Анатолий Вячеславович Абоносимов — участник Великой Отечественной войны. Участвовал в боях на Юго-Западном, Степном, 2-ом и 3-ем Украинских фронтах, на 1-ом Белорусском фронте.
После окончания института участвовал в строительстве железной дороги Пермь — Кизел. Работая в органах государственной безопасности, проводил большую работу по обеспечению безопасности движения поездов, судов, самолетов, разоблачению лиц, сотрудничавших с немецкими оккупантами в годы войны.
Награжден орденом Красной Звезды, медалями «За отвагу» и «За боевые заслуги». Результаты мирного труда отмечены четырьмя медалями губернатора Кемеровской области, в том числе медалью «За особый вклад в развитие Кузбасса»и орденом «Доблесть Кузбасса».

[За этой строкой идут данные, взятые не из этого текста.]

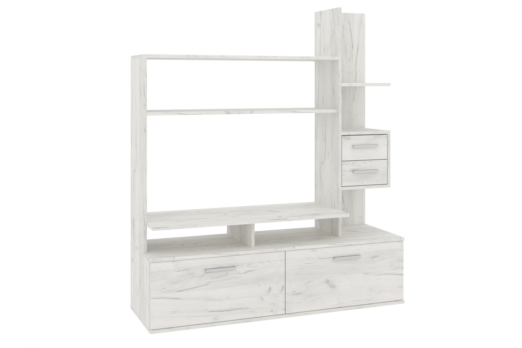 Нижня частина меблевого набору представлена широкою тумбою з двома великими закритими секціями. Ці секції підходять для зберігання більших речей, таких як техніка, книги або інші предмети, які потрібно приховати від очей для підтримки порядку у вітальні. Між верхніми полицями та тумбою знаходиться відкритий простір, який підходить для розміщення телевізора або інших мультимедійних пристроїв.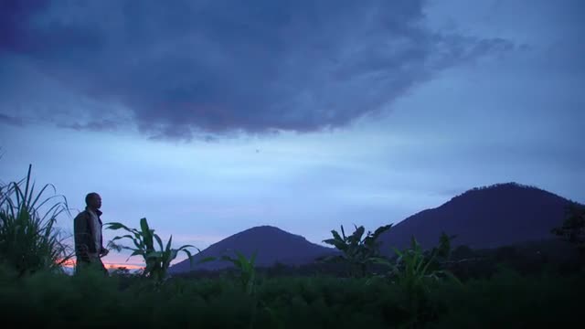 Man slowly twirls and tosses Swiss flag up into the air, catching it expertly. He stands at the edge of a lake, and beautiful mountains rise up behind him.

Почетный сотрудник органов госбезопасности. Почетный участник Кемеровского регионального общественного движения «Ветераны комсомола».
Служение Родине
Я, Абоносимов Анатолий Вячеславович, родился в г. Ачинске в августе 1922 г. В 1940 году с аттестатом отличника (в то время еще не были введены медали) окончил среднюю школу.

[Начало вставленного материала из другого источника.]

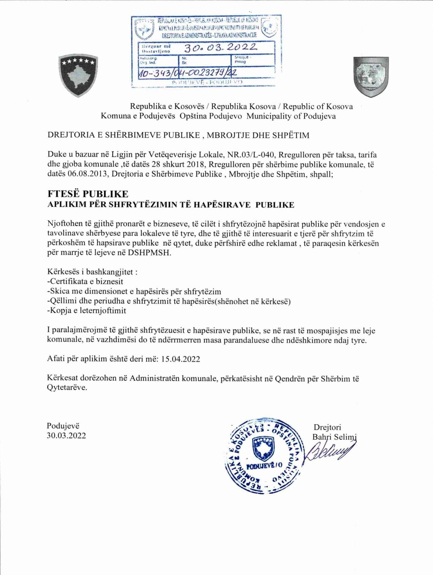 Bizneset të cilat dëshirojnë t’i shfrytëzojnë hapësirat publike për vendosje të tavolinave dhe karrigeve ose personat tjerë që dëshirojnë që t’i vendosin reklamat në hapësirat publike, të aplikojnë deri më datën: 15.04.2022.

Что было характерным для советской молодежи в тот период времени?
Это, наряду со стремлением получить отличные и хорошие знания школьной программы, прекрасная физическая и военная подготовка и беззаветная любовь к Родине, то есть высокое чувство патриотизма. Я постоянно занимался спортом, по группе юношей (15–16 лет) был рекордсменом Красноярского края в беге на 500 м и в прыжках в высоту. В 1938 году принимал участие во Всесоюзных соревнованиях в г. Киеве по легкой атлетике.
Мы, молодежь, может быть интуитивно, понимали, что война с фашистской Германией неизбежна, поэтому готовили себя к труду и обороне. К 1940 году сдал нормы на значок ГТО II ступени («Готов к труду и обороне»), ПВХО («Готов к противовоздушной и химической обороне»), ГСО («Готов к санитарной обороне») и сдал нормы на значок «Ворошиловский стрелок».
Во внеурочное время школьники старших классов с большим интересом изучали стрелковое оружие и ручной пулемет системы конструктора Дегтярева.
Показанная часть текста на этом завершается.